'Well, how much per head, Sawney?' continued Mr. Ireby.

'It was high markets at Doune and Falkirk,' answered Robin.

And thus the conversation proceeded, until they had agreed on the PRIX JUSTE for the bullocks, the Squire throwing in the temporary accommodation of the enclosure for the cattle into the boot, and Robin making, as he thought, a very good bargain, provided the grass was but tolerable. The Squire walked his pony alongside of the drove, partly to show him the way, and see him put into possession of the field, and partly to learn the latest news of the northern markets.

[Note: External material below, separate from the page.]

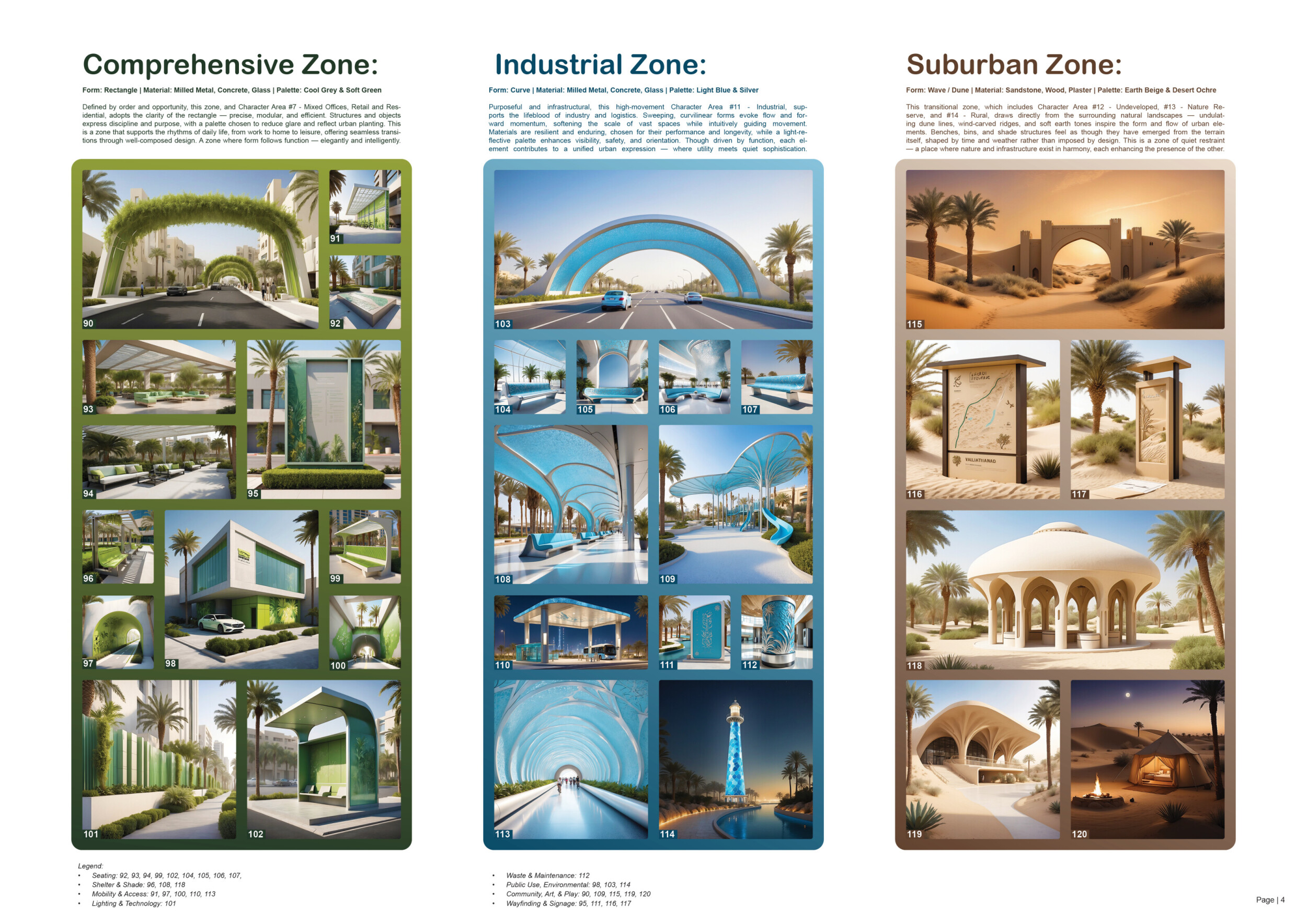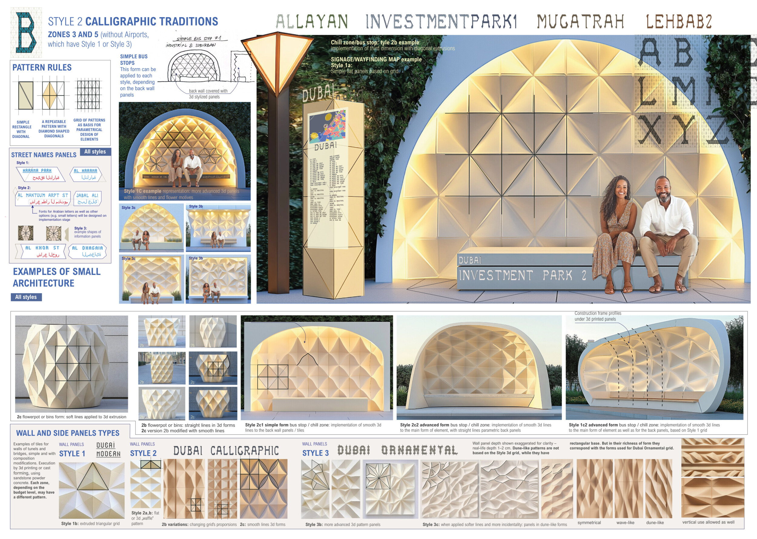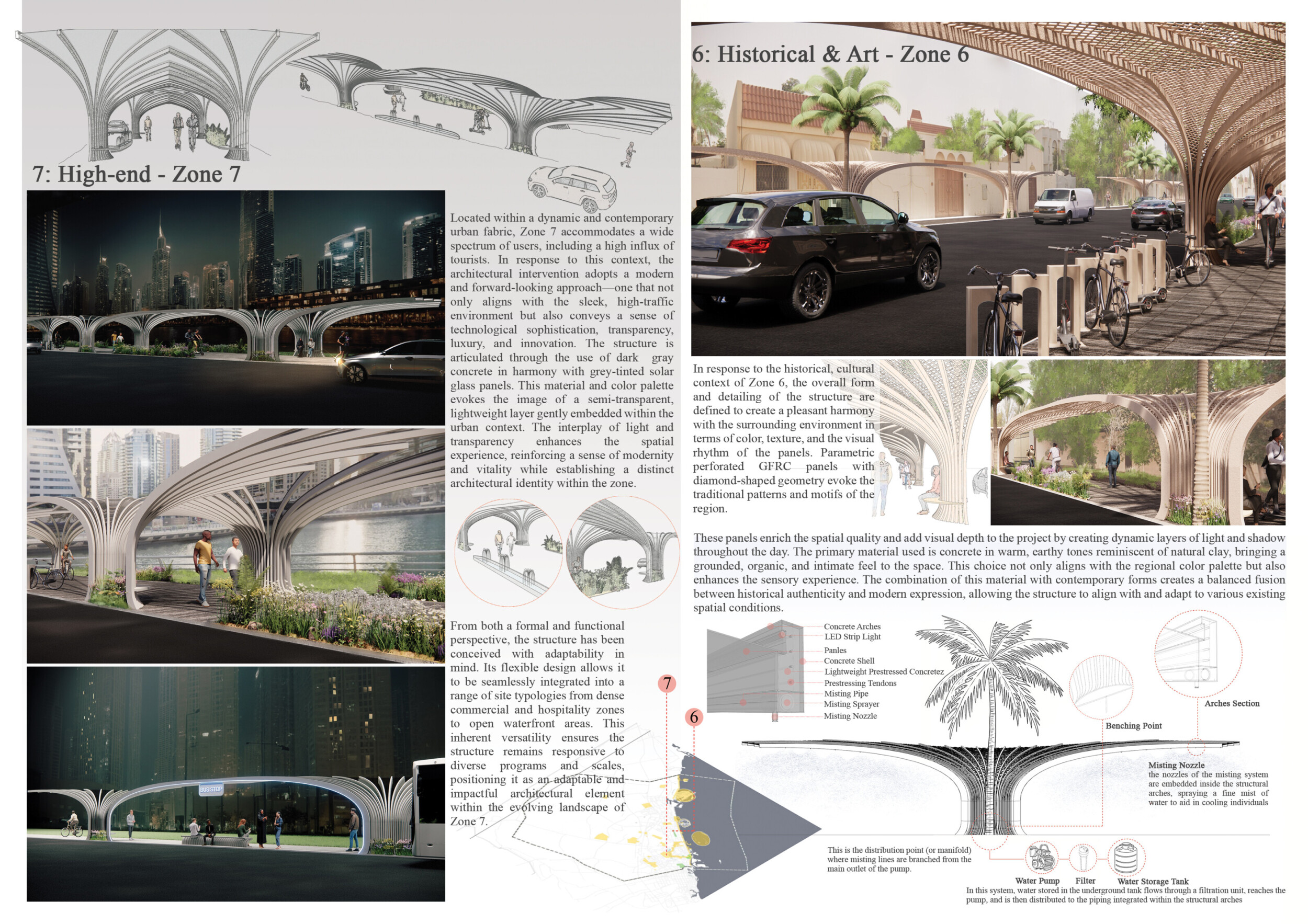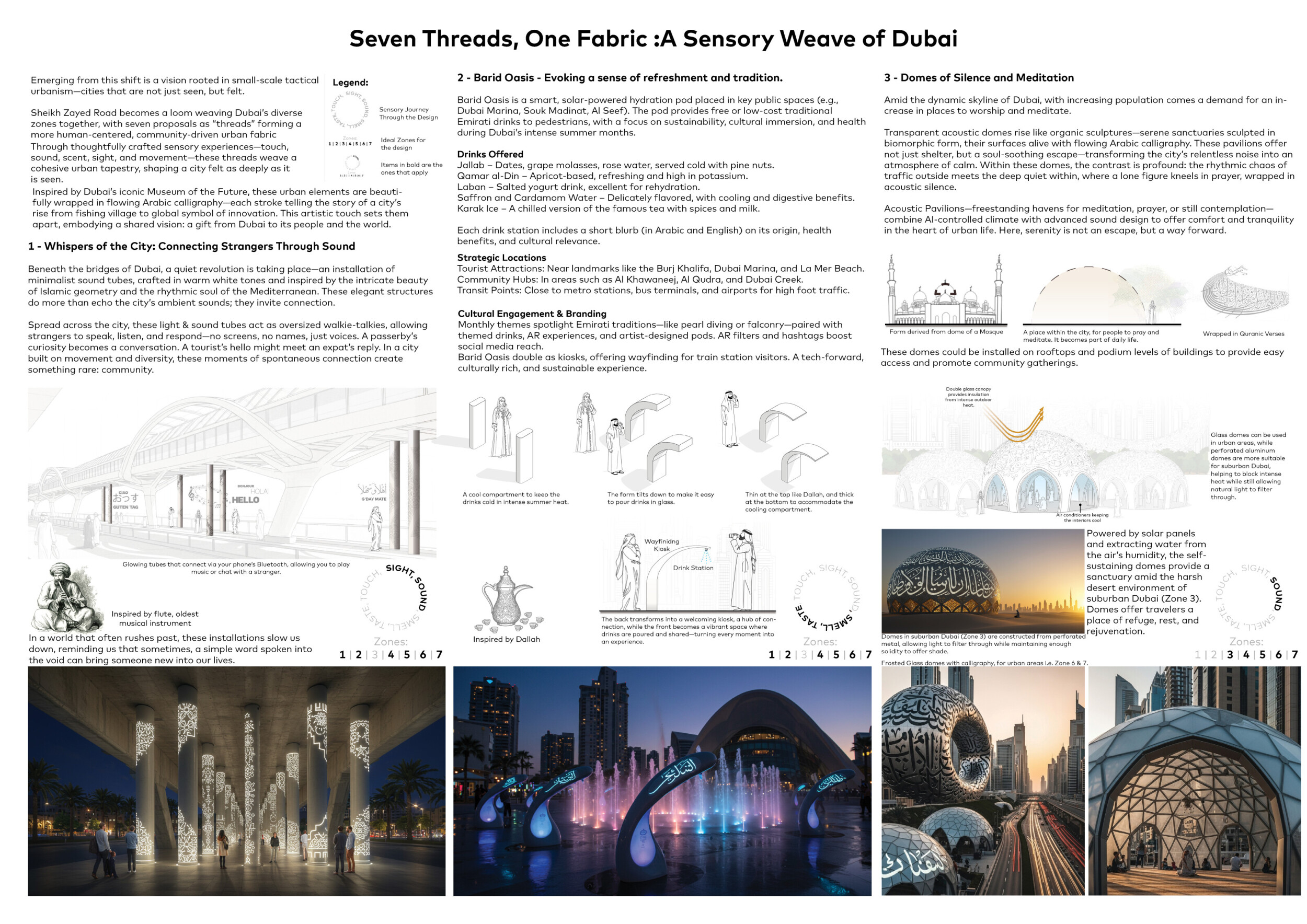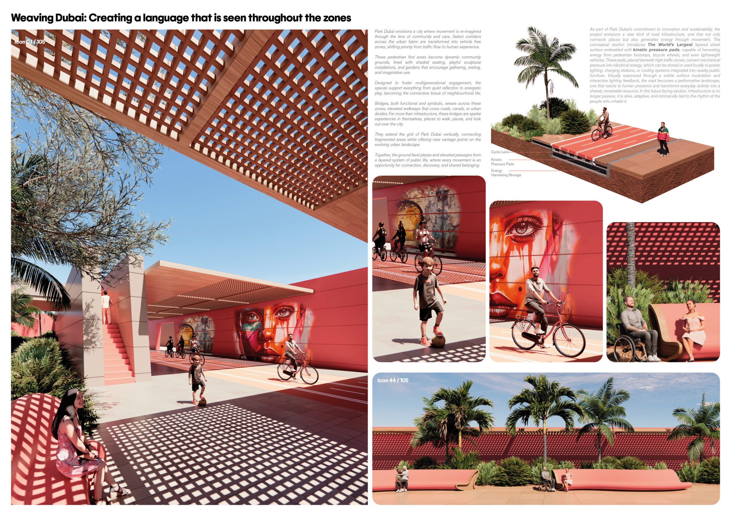 This proposal establishes a cohesive urban design system tailored to Dubai’s diverse zoning contexts, translating each area’s cultural, climatic, and programmatic character into a unified streetscape language. Seven distinct zone typologies—ranging from residential to industrial, heritage, and high-end—are articulated through a matrix of core geometries, modular shading elements, curated material palettes, and contextual wayfinding. Read more Each typology introduces unique visual identifiers: Z1 and Z2 draw on Islamic motifs and neighborhood intimacy, Z3 evokes Bedouin tents and soft landforms, while Z5 and Z7 leverage sharper geometries and premium finishes to express industrial rigor or luxury. The proposal integrates shading, pedestrian bridges, solar infrastructure, and street furniture into cohesive kit-of-parts systems adaptable across road hierarchies and public interfaces. Artistic co-design, climate-responsive strategies, and heritage continuity are embedded throughout, ensuring visual consistency while accommodating Dubai’s rapid growth, diverse urban fabrics, and the need for identity-driven public realm enhancements.

They arrived at the field, and the pasture seemed excellent. But what was their surprise when they saw the bailiff quietly inducting the cattle of Harry Wakefield into the grassy Goshen which had just been assigned to those of Robin Oig M'Combich by the proprietor himself! Squire Ireby set spurs to his horse, dashed up to his servant, and learning what had passed between the parties, briefly informed the English drover that his bailiff had let the ground without his authority, and that he might seek grass for his cattle wherever he would, since he was to get none there. At the same time he rebuked his servant severely for having transgressed his commands, and ordered him instantly to assist in ejecting the hungry and weary cattle of Harry Wakefield, which were just beginning to enjoy a meal of unusual plenty, and to introduce those of his comrade, whom the English drover now began to consider as a rival.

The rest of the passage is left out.